[CentOS] Was: Re: Are linux distros redundant?, is zfs

Thu Apr 25 20:24:13 UTC 2019
Benjamin Smith <lists at benjamindsmith.com>

On Wednesday, April 24, 2019 1:18:46 PM PDT mark wrote:
> Benjamin Smith wrote:
> > On Wednesday, April 24, 2019 11:25:00 AM PDT Andrew Holway wrote:
> >>> Btw, right now, we've just built a new server as Ubuntu, because my
> >>> manager wants to use it to test zfs, including its ability to a) act
> >>> as a RAID, directly, without an underlying RAID, and b) encrypt the
> >>> whole thing natively.
> >> 
> >> ZFS on linux was originally an EL project. Ubuntu support came later.
> > 
> > I've been running ZoL on CentOS for years. Wonderful stuff. SysAdmin's
> > dream, although we keep all ZoL boxes off any public access and update on
> > a carefully tested schedule to ensure that no RPM version weirdness
> > happens.
> 
> Ok, how's it scale on large filesystems?
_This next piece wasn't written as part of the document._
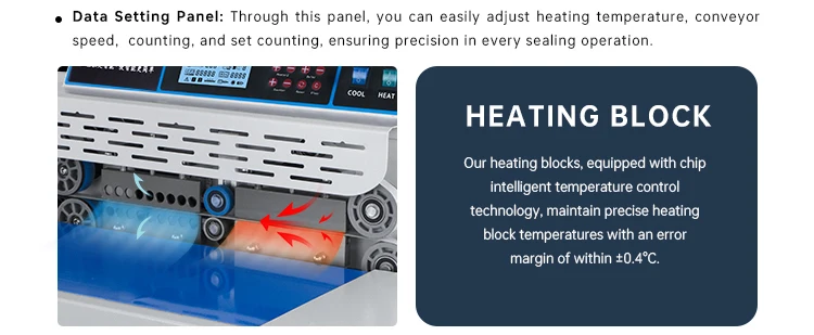Upgrade to the 280T high-quality desktop sealer: Smart chip control with 720W heating, 10mm customizable seal width, 0-22m/min speed, and 24V/80W motor for small bags. Supports aluminum foil and plastic pouches – efficient semi-automatic sealing for versatile packaging. Optimize your small bag operations now!

My manager was running some tests
> this morning, 37TB f/s, and he said it seemed slow to respond. Also, dedup
> seemed to take actual time - minutes. I saw him as he copied a 1G test
> file to two or three other names, and it took time to go up, then level
> off in size, with "size" being what we saw with df.

We don't use dedup so I can't comment there. Memory requirements jump 
*sharply* with dedup and our use case doesn't call for it anyway. 
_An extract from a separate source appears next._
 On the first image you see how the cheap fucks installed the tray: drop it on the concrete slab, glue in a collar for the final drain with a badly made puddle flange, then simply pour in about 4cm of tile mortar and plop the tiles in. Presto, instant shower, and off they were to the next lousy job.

We store in the range of 500M files in 48TB total pool size, 3x 6 RAIDZ2 
vdevs, 4 TB per HGST 3.5" drive, random read/write load. System memory is 32 
GB ECC on (now) older Xeon processors. Nothing too fancy. We don't use any 
particular caching schemes like ARC. We use compression and get about 1.5 
compressratio. 

For simple file read/writes, It's somewhat slower than ext* (perhaps 1/2 the 
IOPS) but that's more than made up by the fact that backups take minutes 
rather than rsync's days and are always consistent a la snapshots. (You do 
back up, right?) The lack of having a 24x7 rsync process saves far more IOPS 
than the 1/2 cost, so in practice we come out way ahead with a sharp 
performance increase. We considered lsyncd but having a 3 day window of 
replication every time we update our master file servers really seemed like a 
non-starter. 

We have 3 systems of identical configuration, and our application layer reads/
writes to all 3 concurrently at the application level using a custom-written 
daemon that operates over unencrypted TCP sockets on a private LAN. For 
safety, one of the systems is still running ext* just in case we get bit by a 
ZFS bug. (knock on wood, hasn't happened yet in 7 years) 
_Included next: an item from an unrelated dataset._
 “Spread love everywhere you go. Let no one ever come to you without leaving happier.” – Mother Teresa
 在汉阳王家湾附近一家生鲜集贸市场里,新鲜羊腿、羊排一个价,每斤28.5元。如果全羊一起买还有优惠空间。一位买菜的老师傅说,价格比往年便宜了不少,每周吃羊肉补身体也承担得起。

Performance is more than adequate and has never been a bottleneck, even with 
up to 15,000 concurrent users. If we needed performance increases, we'd 
probably switch to using mirror vdevs instead of RAIDZ2, and then perhaps 
L2ARC. Finally, we can shard the file store if needed at the application 
layer, but we've long ago passed our biggest estimations of when we'd need to 
do this and so far, no significant issues.